**Instructions to follow:**
The required answer is an exact copy of every line from the beginning of the entries through the line with "而在乌克兰 JavaScript 社区,大约有", with all pictures omitted.

Stored entries:
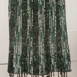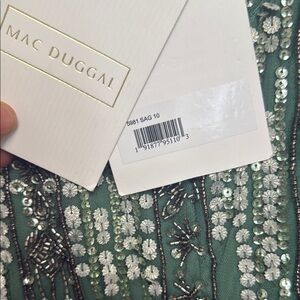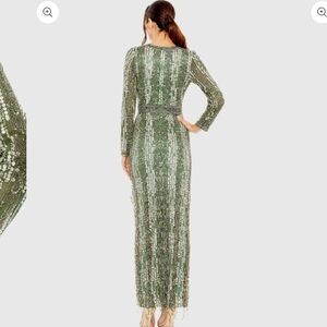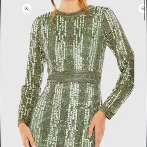 NWT | Mac Duggal 5981 Sage Long Sleeve Crystal Fringe Column Gown Size 10
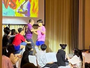2つめは、全体レクリエーションです。こちらは完全に生徒の企画です。長い時間かけて準備や練習をしてきました。前半はパフォーマンス、後半はクイズの構成です。クイズのための動画もたくさん撮りためていたらしく、校長室にも委員がきてくれて、インタビューを受けました。この日は10月30日でしたので、ちょうどハロウィーンです。生徒たちは思い思いの仮装をして会場に入ってきました。パフォーマンスは多岐にわたっていました。漫才にアカペラ、大画面を使った芸、マイケルジャクソンばりのカッコいいダンスもありました。運動部のマネージャーが踊るダンスはアイドルなみの人気でした。クイズは、野球部の監督とキャプテンで手押し相撲をやったらどっちが勝つかというガチの勝負や、先生方へのインタビューをもとにしたクイズなど盛り沢山で、終始笑いの渦に包まれていました。写真のほかに動画も撮ってきましたので、併せてご覧ください。
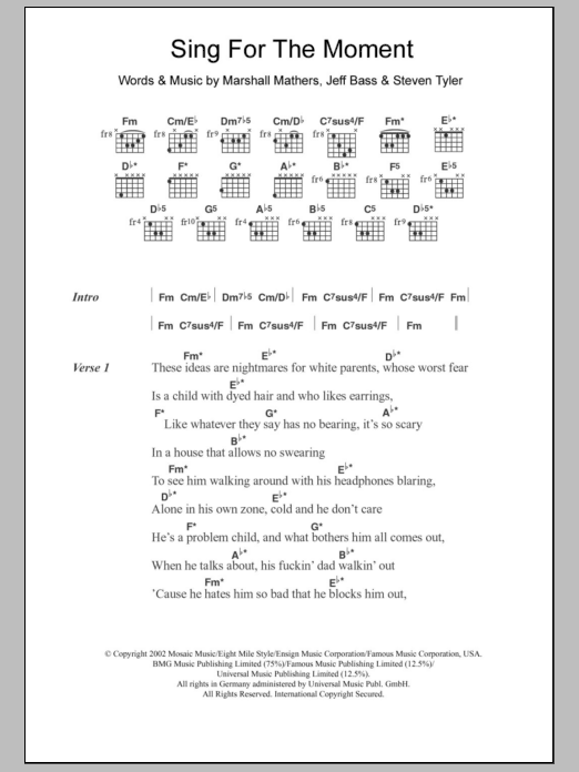 Eminem Sing For The Moment sheet music, chords, lyrics - Printable PDF for Lyrics & Chords
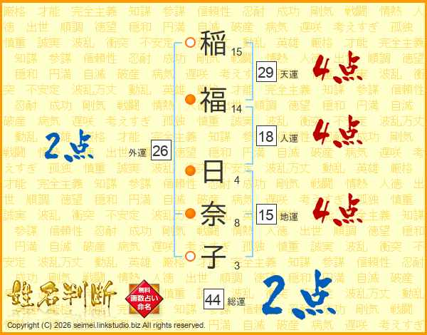 稲(15画)福(14画) 日(4画)奈(8画)子(3画)
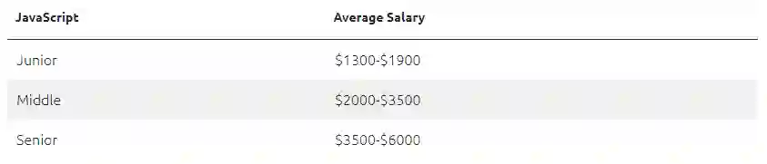而在乌克兰 JavaScript 社区,大约有 8000 名活跃开发者,根据 PayScale 和 SalaryExpert 的数据,乌克兰 JavaScript 开发者的平均月薪为 3600 美元(约 2.2 万元人民币),不同职级对应薪资也有所不同:
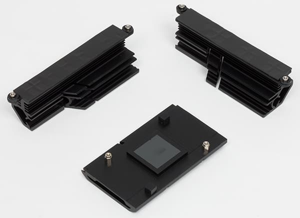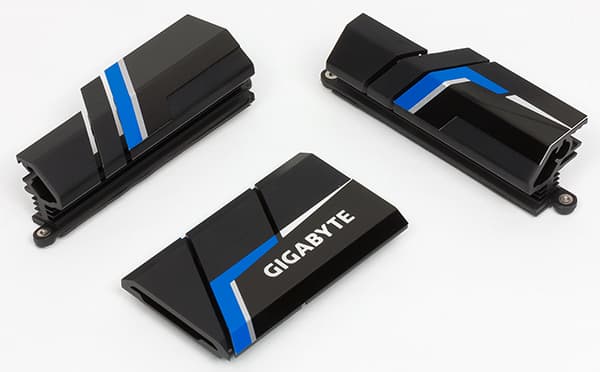 Для охлаждения различных тепловыделяющих компонентов на плате Gigabyte Z170X-Designare предусмотрено в совокупности три небольших радиатора. Один отдельный радиатор установлен на чипсете. Еще два радиатора расположены по двум смежным сторонам процессорного разъема и закрывают MOSFET-транзисторы регулятора напряжения питания процессора.
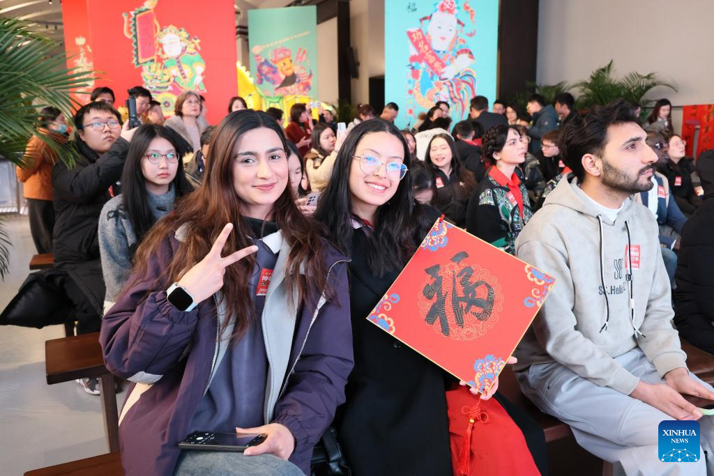 Foreign students participate in a Chinese New Year event at the Feng Jicai Museum at Tianjin University, north China's Tianjin Municipality, Feb. 10, 2026. (Xinhua)
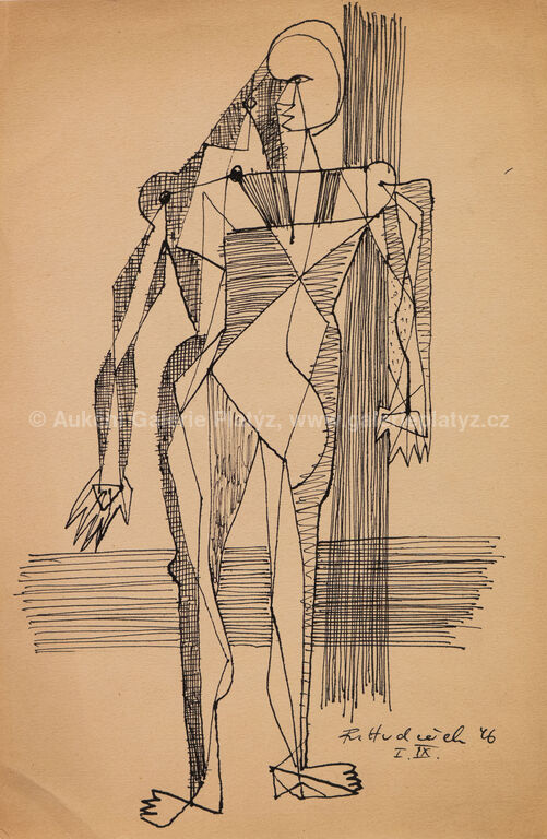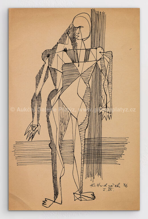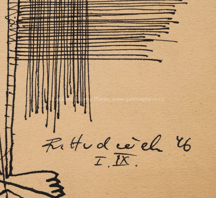 tuš/papír, rozměr listu 33,5 x 22,5 cm, značeno a datováno vpravo dole, volně loženo
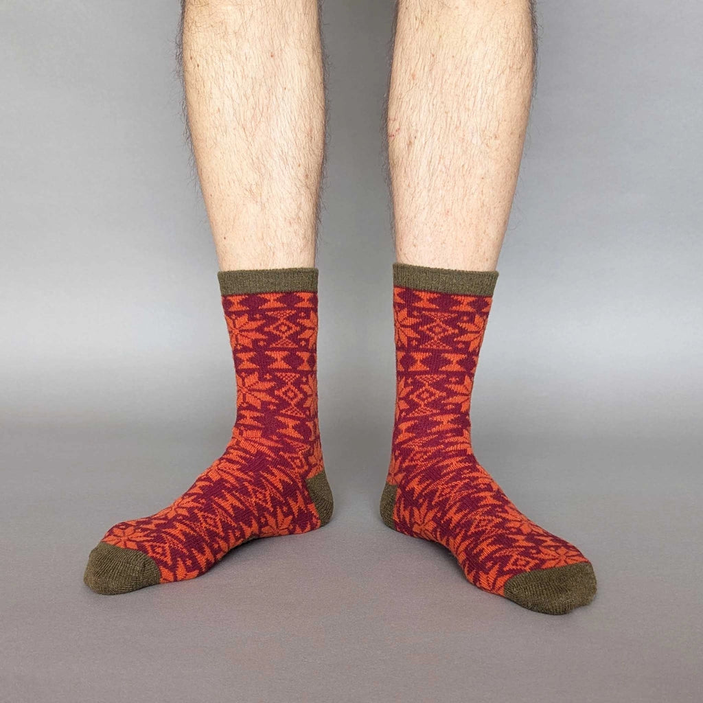 Men's Lambswool Ankle Socks Fair Isle - Plum By Catherine Tough (Size 8-11)
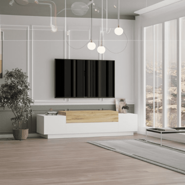 ◾ לבן בשילוב עץ בהיר – למראה מודרני ונקי

**Solution:**
 NWT | Mac Duggal 5981 Sage Long Sleeve Crystal Fringe Column Gown Size 10
2つめは、全体レクリエーションです。こちらは完全に生徒の企画です。長い時間かけて準備や練習をしてきました。前半はパフォーマンス、後半はクイズの構成です。クイズのための動画もたくさん撮りためていたらしく、校長室にも委員がきてくれて、インタビューを受けました。この日は10月30日でしたので、ちょうどハロウィーンです。生徒たちは思い思いの仮装をして会場に入ってきました。パフォーマンスは多岐にわたっていました。漫才にアカペラ、大画面を使った芸、マイケルジャクソンばりのカッコいいダンスもありました。運動部のマネージャーが踊るダンスはアイドルなみの人気でした。クイズは、野球部の監督とキャプテンで手押し相撲をやったらどっちが勝つかというガチの勝負や、先生方へのインタビューをもとにしたクイズなど盛り沢山で、終始笑いの渦に包まれていました。写真のほかに動画も撮ってきましたので、併せてご覧ください。
 Eminem Sing For The Moment sheet music, chords, lyrics - Printable PDF for Lyrics & Chords
 稲(15画)福(14画) 日(4画)奈(8画)子(3画)
而在乌克兰 JavaScript 社区,大约有 8000 名活跃开发者,根据 PayScale 和 SalaryExpert 的数据,乌克兰 JavaScript 开发者的平均月薪为 3600 美元(约 2.2 万元人民币),不同职级对应薪资也有所不同:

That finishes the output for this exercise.